WORK INSTRUCTIONS -> Print exactly the lines that run from the first line of the material to the line containing "BUAGETUP Blue and", both ends included, and skip the pictures.

SOURCE MATERIAL ->
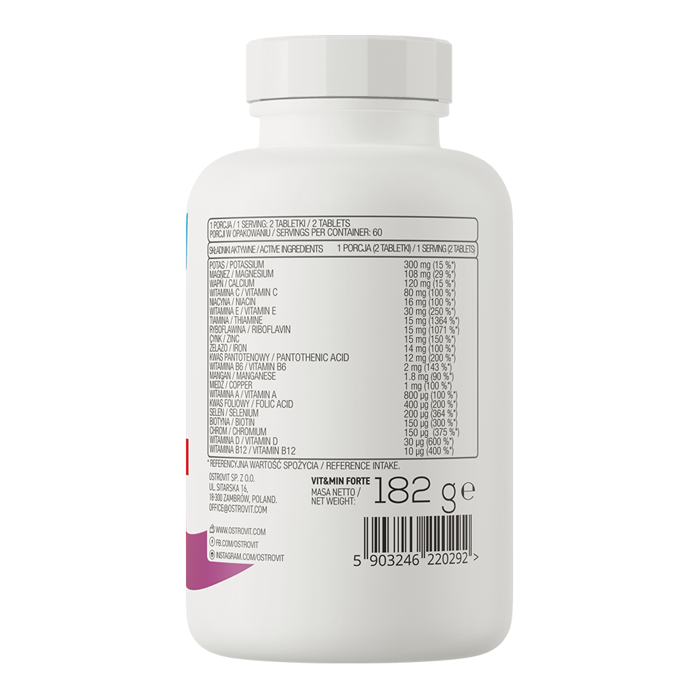 Thành phần trong mỗi viên Ostrovit Vit&Min Forte được lựa chọn theo cách mà các Vitamin và khoáng chất có trong nó sẽ tác động một cách tích cực nhất lên các quá trình sinh hóa xảy ra trong cơ thể. Đó là những loại mà khi bổ sung và cung cấp đầy đủ sẽ rất cần thiết để duy trì thể chất và trạng thái tinh thần đỉnh cao, sức khỏe hoàn hảo và sự cân bằng ổn định cho cơ thể.
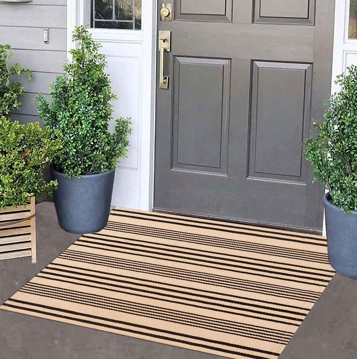 BUAGETUP Blue and White Layered Doormat,27.5x43.3inch Striped Outdoor Rug Hand Woven Cotton Indoor Outdoor Rug for Porch Layered
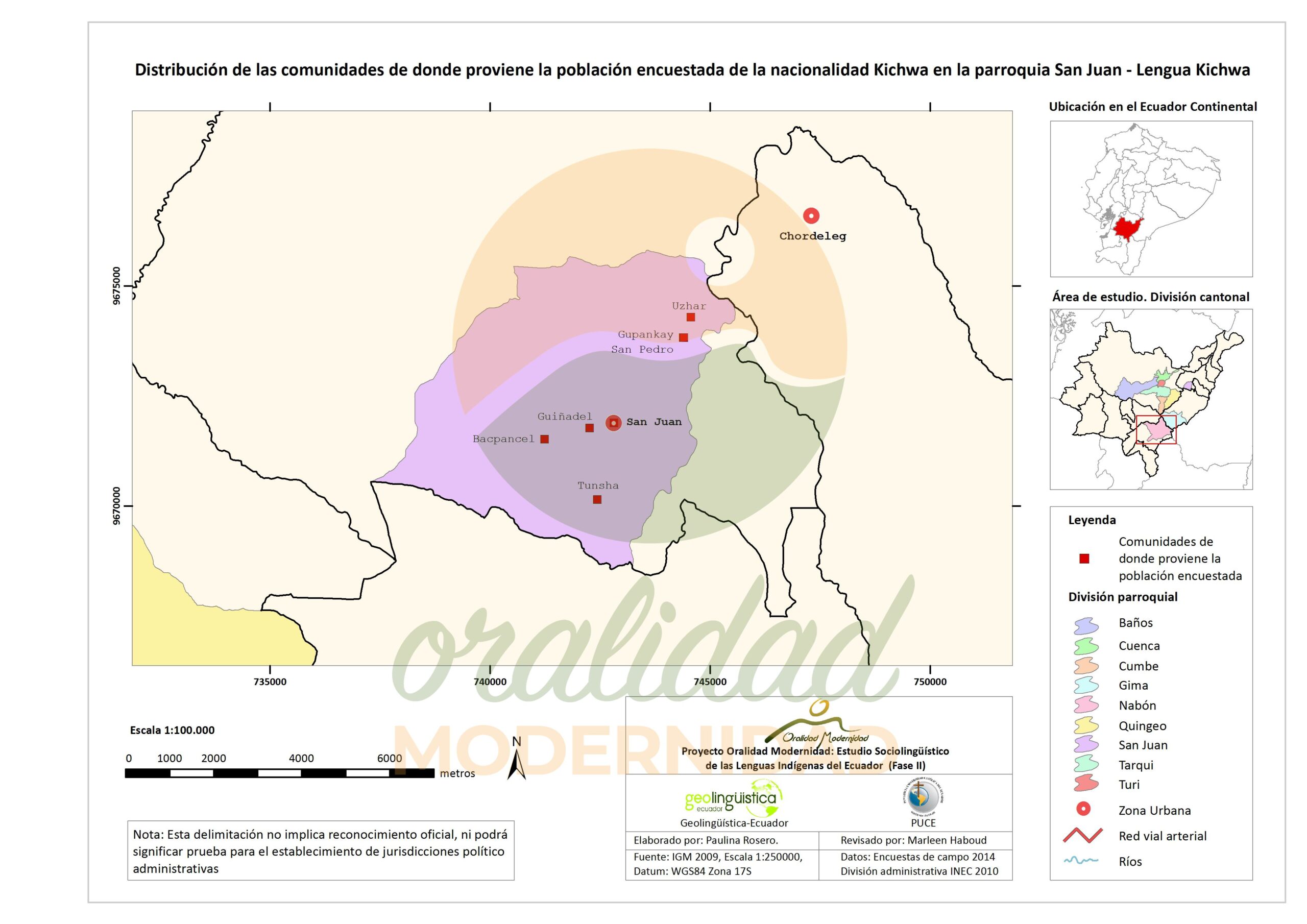 Cite así: Haboud, M. (2014). Mapa de la distribución de las comunidades de donde proviene la población encuestada de la nacionalidad Kichwa en la parroquia San Juan – Lengua Kichwa. Programa Oralidad Modernidad/GeolingüísticaEcuador. https://oralidadmodernidad.org/muestra-parroquias-azuay/

RESPONSE TO THIS EXERCISE ->
 Thành phần trong mỗi viên Ostrovit Vit&Min Forte được lựa chọn theo cách mà các Vitamin và khoáng chất có trong nó sẽ tác động một cách tích cực nhất lên các quá trình sinh hóa xảy ra trong cơ thể. Đó là những loại mà khi bổ sung và cung cấp đầy đủ sẽ rất cần thiết để duy trì thể chất và trạng thái tinh thần đỉnh cao, sức khỏe hoàn hảo và sự cân bằng ổn định cho cơ thể.
 BUAGETUP Blue and White Layered Doormat,27.5x43.3inch Striped Outdoor Rug Hand Woven Cotton Indoor Outdoor Rug for Porch Layered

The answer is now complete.